Horizon Not Headlines

Here’s two recent thoughts that blend to show sales team cultural direction.

The first is a final take-away from 2010’s political party conference season across England. It’s Deputy PM Nick Clegg’s best moment, as defined by his supporter and Newsnight analyst Olly Grender.

“We’re keeping our eyes on the horizon, not on the headlines.”

He preached this in reaction to what he sees as the runaway spin of the New Labour years, and it’s evident from his speech that he is unimpressed by it.

Beyond the political, this though did catch my ear as it matches a regular problem throughout all levels of selling. It is all so easy to lose sight of the big picture. Salespeople can get so hung up on their next chat with their boss, that they at least exaggerate, at worst embellish, the result of a call just completed or current deal status.

I must point out that my experience is that in many cases, this behaviour is often unintentional. They are under serious stress. Highly eager to please. There’s no wish to be the bearer of anything less than superb news. It is rarely downright fibbing.

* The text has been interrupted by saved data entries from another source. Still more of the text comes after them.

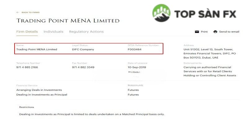 - Trading Point MENA Ltd, cấp bởi DFSA – Cơ quan Dịch vụ Tài chính Dubai, số giấy phép F003484.
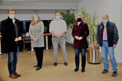 Quartiersmanager Lars Willmann (Mitte) und Hainbergs Vorsitzender Jörg Lohse (rechts) informierten Wirtschaftsminister Olaf Lies (li), Landtagspräsidentin Gabriele Andretta und Oberbürgermeisterin Petra Broistedt (2.v.r.) über die Ergebnisse und Perspektiven der "Qauartiersarbeit Zietenterrassen"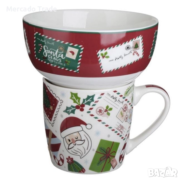 Комплект коледна чаша и купа Mercado Trade, Дядо Коледа, Шарен

Instead, the slightest hint of a positive is accentuated, stretched to bear little relation to the reality, altering the required perspective so much that it is rendered blind.

The persistence of such imbalanced vision fatally wounds performance.

By coincidence, I caught Evan Davis’s The Bottom Line at a similar time (BBC iPlayer & itunes free podcasts).

One of three panellists, Jasmine Montgomery, co-founder of marketing consultancy Seven Brands, discussed a reason why she branched out on her own.

When her previous employer lost a deal, the CEO would insist on what sounds like a medieval inquisition into what went wrong. She portrays the cultural impact as devastating. In her own firm now, when they lose a deal, they “quickly move on”. She didn’t go into detail how they learn from mistakes, but her view was certainly that things were better this way.

A sales function that allows people to freely discuss bid issues of concern, in the context of overall aims, and embraces processes towards continual improvement will undoubtedly make any success on the horizon move nearer than if they’d chased management of every individual dodgy headline.